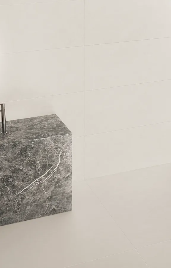 Inspirada en las grandes metrópolis internacionales y caracterizada por una superficie mate, esta serie puede definirse como gres porcelánico imitación resina de estilo minimalista.
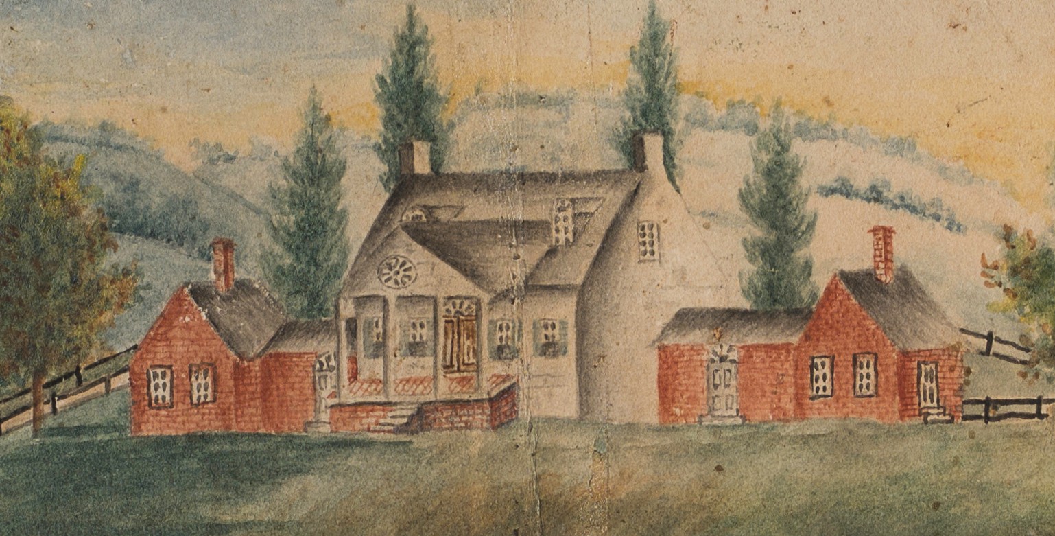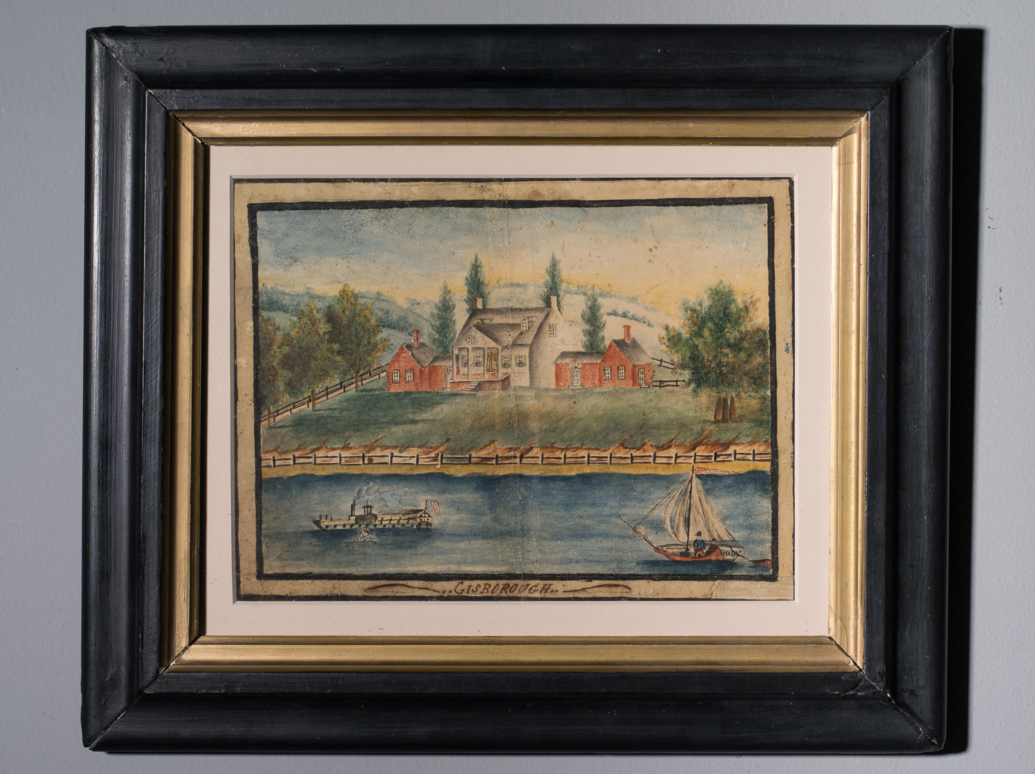 This painting is a delightful portrait of a very early house on the Maryland side of the Potomac River across from Alexandria VA. The portrait, circa 1825, depicts a prosperous and well-kept plantation house with a center block that dates to the mid-18th century with later symmetrical brick additions connected by hyphens. The house faces the river, where there are an early steamboat and a sailing skiff passing by, underlining the importance of water transport in the period. There were commercial steamboats operating on the Potomac as early as 1813, transporting goods and people to the ports of Georgetown and Alexandria.
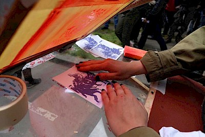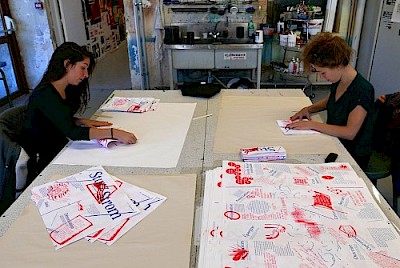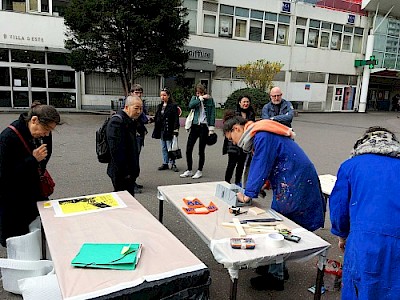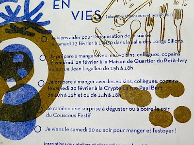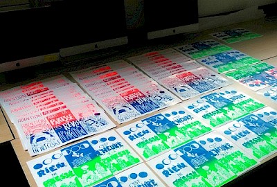 Dans le cadre de différents événements portés par des municipalités dans l’espace public, notre collectif est intervenu pour imprimer en sérigraphie en direct des objets papiers. Nous sommes venus sur 3 événements : à Nanterre pour la “Fête de la vie associative”, pour “Ivry en fête” à Ivry-sur-Seine et “La fête du métro” à Bagneux, où nous avons…
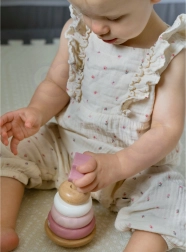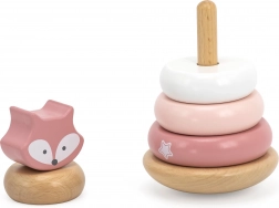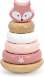 Tonalità pastello accattivanti e il pezzo superiore a forma di volpe invogliano i bambini a impilare e a imparare colori e dimensioni.
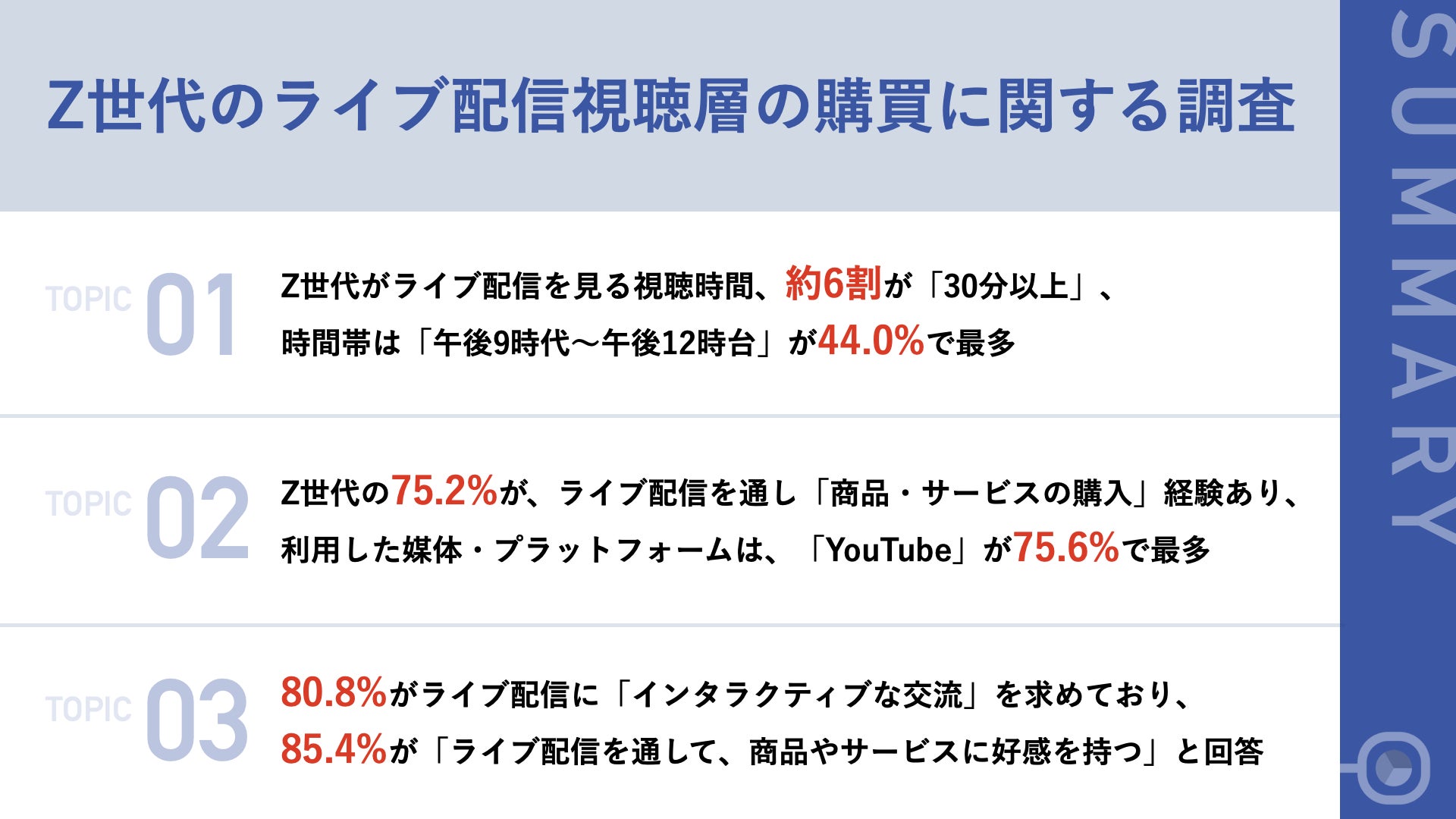 - Z世代の75.2%が、ライブ配信を通し「商品・サービスの購入」経験あり
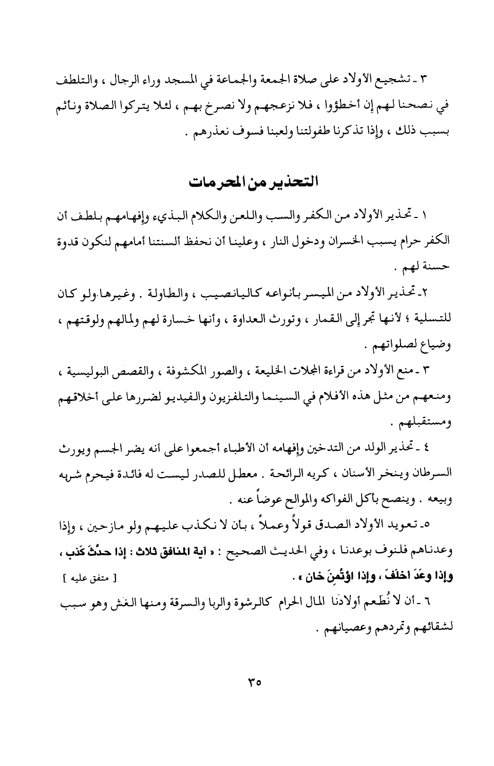 3 - منع الأولاد من قراءة المجلات الخليعة، والصور المكشوفة، والقصص البوليسية، ومنعهم من مثل هذه الأفلام في السينما والتلفزيون والفيديو لضررها على أخلاقهم ومستقبلهم.
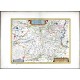 Paderborn. "Paderbornensis Episcopatus Descriptio Nova". Původní, staře kolorovaný mědiryt. Podle J. Gigasovy mapy regionu vyd. J. Blaeu v Amsterdamu, ca. 1660. S ornamentální titulní kartuší, kartuší s měřítkem mapy, další kartuší s Blaeuovou adresou a 12 erby. 37,5:49,5 cm.
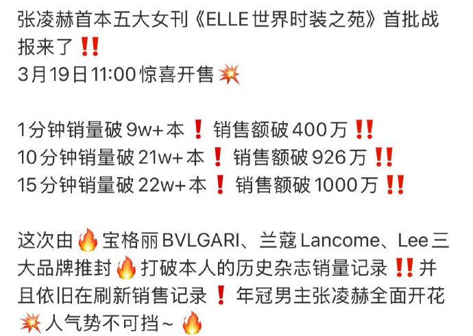 张凌赫杂志销量15分钟破千万 张凌赫ELLE的销量战报张凌赫ELLE的销量战报,
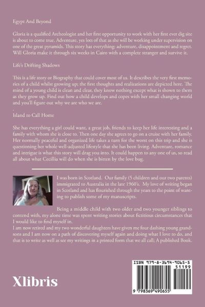 Egypt And Beyond Gloria is a qualified Archeologist and her first opportunity to work with her first ever dig site is about to come true. Adventure, yes lots of that as she will be working under supervision on one of the great pyramids. This story has everything: adventure, disappointment and regret. Will Gloria make it through six weeks in Cairo with a complete stranger and survive it. Life's Drifting Shadows This is a life story or Biography that could cover most of us. It describes the very first memories of a child whilst growing up; the first thoughts and realizations are depicted here. The mind of a young child is clean and clear, they know nothing except what is shown to them as they grow up. Find out how a child develops and copes with her small changing world and you'll figure out why we are who we are. . Island to Call Home She has everything a girl could want, a great job, friends to keep her life interesting and a family with whom she is close to. Then one day she agrees to go on a cruise with her family. Her normally peaceful and organized life takes a turn for the worst on this trip and she is questioning her whole well-adjusted lifestyle that she has been living. Adventure, romance and intrigue is what this story will drag you into. It could happen to any one of us, so read all about what Cecillia will do when she is bitten by the love bug.
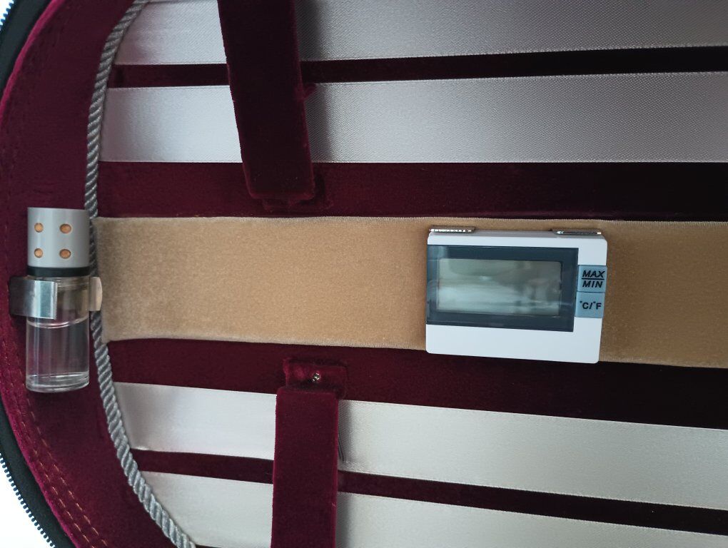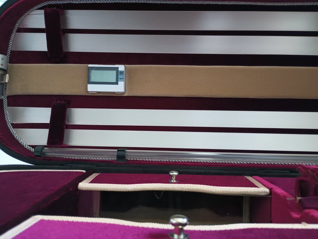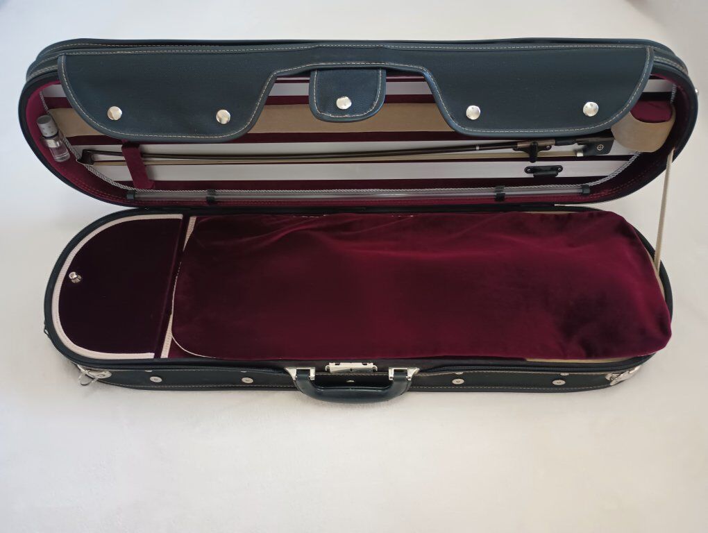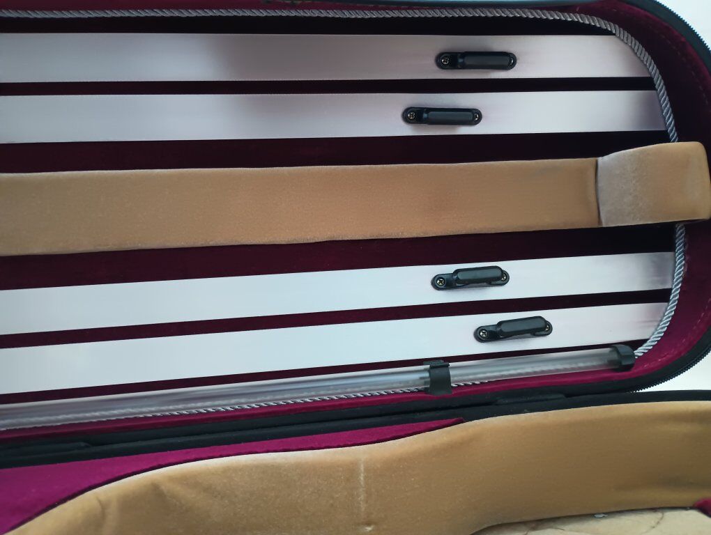 Suspension Violin Case with Four Bow Holders, Hygrometer, and Humidifier; Quilted Trim, Rope Accents, Three Interior Pockets
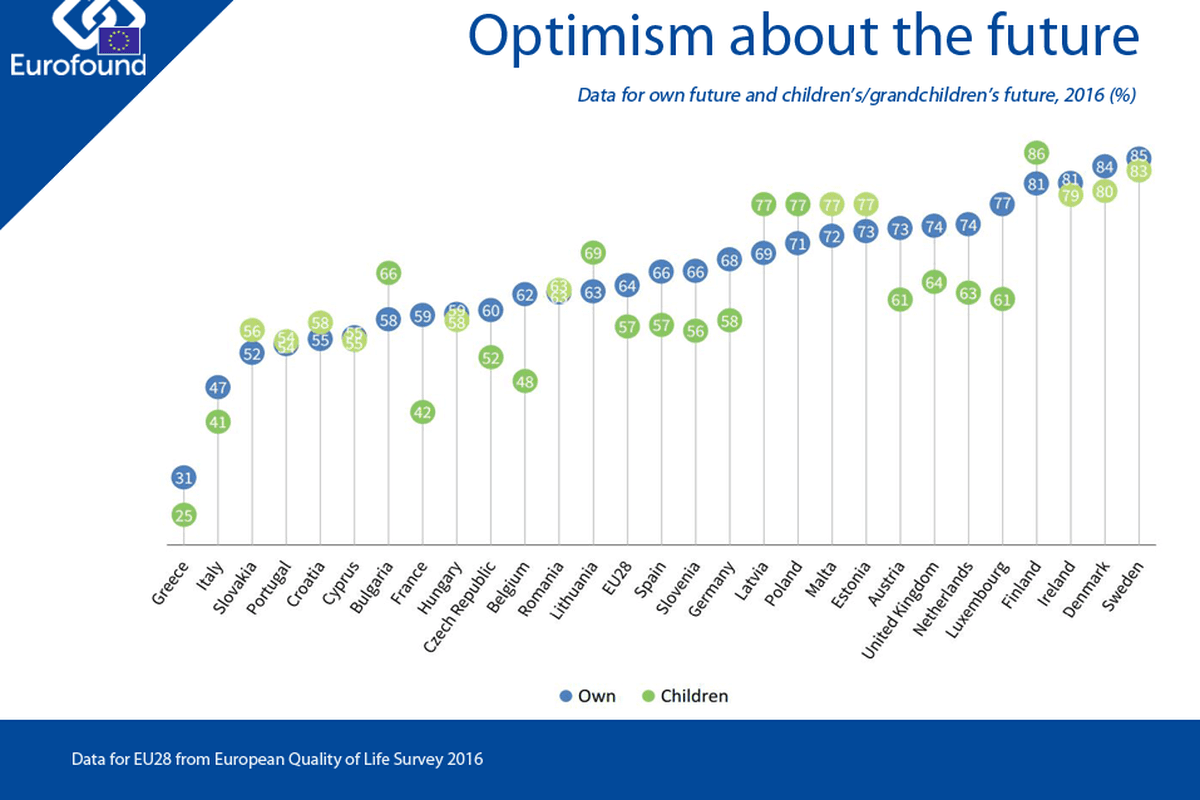 We should bear in mind that these findings are all relative and Germany remains amongst the most politically and socially stable countries in the world. However, the apparent disjoint between quality of life and quality of society, as reflected in the 2016 EQLS, is cause for reflection. Although Germans remain optimistic about their future, they are less optimistic about the future of their children and grandchildren – and it seems that their optimism is being dampened by societal rather than economic concerns.
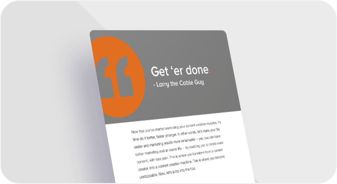24 HOW HUBSPOT DOES INBOUND: CREATING A CONTENT MACHINE Get ‘er done. - larry the Cable Guy Now that you’ve started exercising your content creation muscles, it’s time do it better, faster, stronger. In other words, let’s make your life easier and marketing results more remarkable -- yes, you can have better marketing and an easier life -- by enabling you to create more content, with less pain. This is where you transform from a content creator, into a content creation machine. This is where you become unstoppable. Now, let’s jump into the tips. www.Hubspot.com

# [PROMPT]
Write out the records exactly. Do not carry the pictures over.

# [EXPECTED ANSWER]
 Inspirada en las grandes metrópolis internacionales y caracterizada por una superficie mate, esta serie puede definirse como gres porcelánico imitación resina de estilo minimalista.
 This painting is a delightful portrait of a very early house on the Maryland side of the Potomac River across from Alexandria VA. The portrait, circa 1825, depicts a prosperous and well-kept plantation house with a center block that dates to the mid-18th century with later symmetrical brick additions connected by hyphens. The house faces the river, where there are an early steamboat and a sailing skiff passing by, underlining the importance of water transport in the period. There were commercial steamboats operating on the Potomac as early as 1813, transporting goods and people to the ports of Georgetown and Alexandria.
 Dans le cadre de différents événements portés par des municipalités dans l’espace public, notre collectif est intervenu pour imprimer en sérigraphie en direct des objets papiers. Nous sommes venus sur 3 événements : à Nanterre pour la “Fête de la vie associative”, pour “Ivry en fête” à Ivry-sur-Seine et “La fête du métro” à Bagneux, où nous avons…
 Tonalità pastello accattivanti e il pezzo superiore a forma di volpe invogliano i bambini a impilare e a imparare colori e dimensioni.
 - Z世代の75.2%が、ライブ配信を通し「商品・サービスの購入」経験あり
 3 - منع الأولاد من قراءة المجلات الخليعة، والصور المكشوفة، والقصص البوليسية، ومنعهم من مثل هذه الأفلام في السينما والتلفزيون والفيديو لضررها على أخلاقهم ومستقبلهم.
 Paderborn. "Paderbornensis Episcopatus Descriptio Nova". Původní, staře kolorovaný mědiryt. Podle J. Gigasovy mapy regionu vyd. J. Blaeu v Amsterdamu, ca. 1660. S ornamentální titulní kartuší, kartuší s měřítkem mapy, další kartuší s Blaeuovou adresou a 12 erby. 37,5:49,5 cm.
 张凌赫杂志销量15分钟破千万 张凌赫ELLE的销量战报张凌赫ELLE的销量战报,
 Egypt And Beyond Gloria is a qualified Archeologist and her first opportunity to work with her first ever dig site is about to come true. Adventure, yes lots of that as she will be working under supervision on one of the great pyramids. This story has everything: adventure, disappointment and regret. Will Gloria make it through six weeks in Cairo with a complete stranger and survive it. Life's Drifting Shadows This is a life story or Biography that could cover most of us. It describes the very first memories of a child whilst growing up; the first thoughts and realizations are depicted here. The mind of a young child is clean and clear, they know nothing except what is shown to them as they grow up. Find out how a child develops and copes with her small changing world and you'll figure out why we are who we are. . Island to Call Home She has everything a girl could want, a great job, friends to keep her life interesting and a family with whom she is close to. Then one day she agrees to go on a cruise with her family. Her normally peaceful and organized life takes a turn for the worst on this trip and she is questioning her whole well-adjusted lifestyle that she has been living. Adventure, romance and intrigue is what this story will drag you into. It could happen to any one of us, so read all about what Cecillia will do when she is bitten by the love bug.
 Suspension Violin Case with Four Bow Holders, Hygrometer, and Humidifier; Quilted Trim, Rope Accents, Three Interior Pockets
 We should bear in mind that these findings are all relative and Germany remains amongst the most politically and socially stable countries in the world. However, the apparent disjoint between quality of life and quality of society, as reflected in the 2016 EQLS, is cause for reflection. Although Germans remain optimistic about their future, they are less optimistic about the future of their children and grandchildren – and it seems that their optimism is being dampened by societal rather than economic concerns.
24 HOW HUBSPOT DOES INBOUND: CREATING A CONTENT MACHINE Get ‘er done. - larry the Cable Guy Now that you’ve started exercising your content creation muscles, it’s time do it better, faster, stronger. In other words, let’s make your life easier and marketing results more remarkable -- yes, you can have better marketing and an easier life -- by enabling you to create more content, with less pain. This is where you transform from a content creator, into a content creation machine. This is where you become unstoppable. Now, let’s jump into the tips. www.Hubspot.com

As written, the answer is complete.